Oggi è la Giornata Mondiale per i diritti dell’Infanzia e in giro per il web la discussione si concentra solo sui paesi mediorientali e africani mentre nessuno si interroga se nei paesi occidentali questi diritti siano rispettati. La risposta affermativa sembra banale e scontata ma la realtà dei fatti è ben diversa.

Alcune settimane fa ho letto di un episodio accaduto a Terni. Un cliente di una pasticceria si è lamentato perché è stato servito da un ragazzo affetto dalla Sindrome di Down; subito il gestore del locale ha scritto un post su Facebook dove si difendeva il dipendente affetto da trisomia 21 e attaccava l’atteggiamento discriminatorio del cliente. Inutile dire che (giustamente) è esplosa l’indignazione tra gli utenti dei social tanto che la notizia è stata riportata su giornali e telegiornali a livello nazionale.

Alcuni giorni fa invece ho letto il post di un utente Facebook, tale Martina (non citerò il cognome per motivi di privacy), che sosteneva che abortire il feto di un bambino a cui è stata diagnosticata la Sindrome di Down non solo è giusto ma è addirittura doveroso poiché non avrebbe vissuto in modo felice e normale (sarebbe interessante approfondire in cosa consiste questo standard di “vita felice e normale”). Questo post non ha suscitato alcuna indignazione (se non di pochi), al contrario ha riscosso molti consensi.

Ora io mi chiedo che differenza c’è tra il post di Martina e la lamentela del cliente della pasticceria? Nessuna.  Tutti e due contribuiscono ad affermare una cultura per la quale se si è affetti da una qualsiasi forma di disabilità non si è degni di vivere… non ricorda qualcosa? A me personalmente sì  ma la riduzione “ad Hitlerum” (ed in questo caso all’eugenetica nazista) è troppo semplice perciò vi invito a riflettere su un altro aspetto della questione.

La nostra società predica accettazione e amore verso le persone in difficoltà ma non sempre è pronta a prendersene cura.

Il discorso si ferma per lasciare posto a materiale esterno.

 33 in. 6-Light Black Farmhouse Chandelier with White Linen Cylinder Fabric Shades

Non ci sono vere e proprie leggi che tutelano le persone con disabilità; dei primi notevoli passi avanti sono stati fatti con la legge “Dopo di noi” ma  fino a quando “noi”, inteso come società,  non smetteremo di avere pregiudizi su  queste persone esse non potranno vivere una vita “felice e normale”.

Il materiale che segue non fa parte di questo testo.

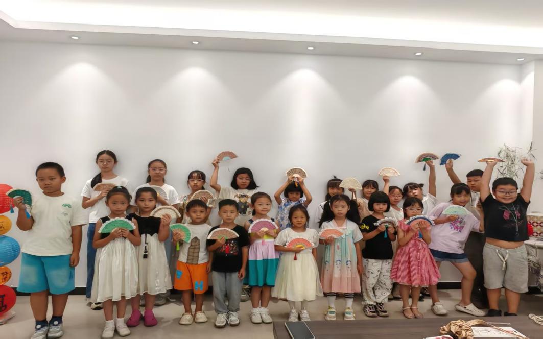 上午11点,活动接近尾声,孩子们站成两排,拿着自己亲手编织的草编扇子,留下了一张大合照,之后他们兴奋地向家长们展示自己的成果。其中一位家长也由衷感慨:“没想到她能做成这么漂亮的扇子,谢谢你们,让她接触了草编这个东西!”
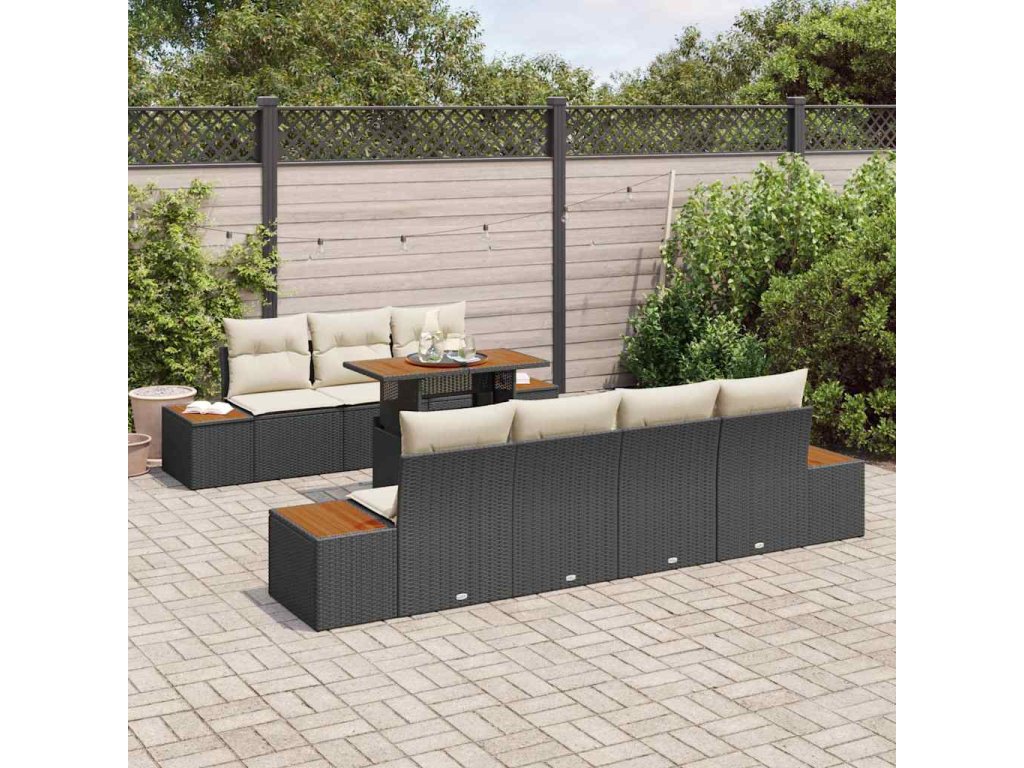 Sada zahradních pohovek s úložištěm 8 pcs Černá Poly ratan 3358776

Siamo noi la causa dell’esclusione dei disabili. Per rispondere al post di Martina e di tanti che la pensano come lei: il problema della presunta infelicità delle persone disabili non è colpa della malattia ma nostra. La colpa è solo nostra. Di una società che predica bene e razzola male. Finiamola con questa ipocrisia! Disabilità non vuol dire infelicità: certo, queste persone hanno maggiori difficoltà per affrontare le sfide della vita ma ciò non vuol dire che la loro non sia una vita degna di essere vissuta.

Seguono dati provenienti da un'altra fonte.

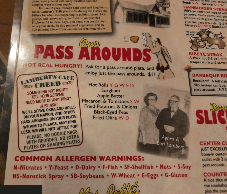 From Mobile, it’s about an hour and 15-minutes to reach this place, but it’s different enough to be worth your time. This is the place where they literally throw bread rolls at you. Go hungry and say yes to every pass-around (fried okra, macaroni and tomatoes, fried potatoes, etc.). You can choose to purchase only the pass-arounds, or you can enjoy them for free when you order an entree. The don’t serve alcohol, but the soft drinks and teas are huge! And you can buy a cup to take home for $8.50. One thing is for sure – you won’t leave this place hungry. Do try to catch a bun!
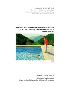 - TFM: El proyecto de la vivienda unifamiliar a través del agua (1973-2017): confort y clima mediterráneo con el soporte del agua. Dirigido por Juan Gavilanes Vélaz de Medrano, Dr. Arquitecto (2018)

Il grado di civiltà di una nazione si misura in base alla sua capacità di prendersi cura delle persone più deboli e finora i “civilissimi” paesi occidentali non sembrano in grado di farlo. Fino a quando un bambino a cui è stata diagnosticata una qualche forma di disabilità potrà essere ucciso nel grembo della madre nessun paese occidentale potrà autodefinirsi realmente civile. Possiamo parlare di diritti dell’infante se viene negato il diritto imprescindibile della vita? Io credo di no.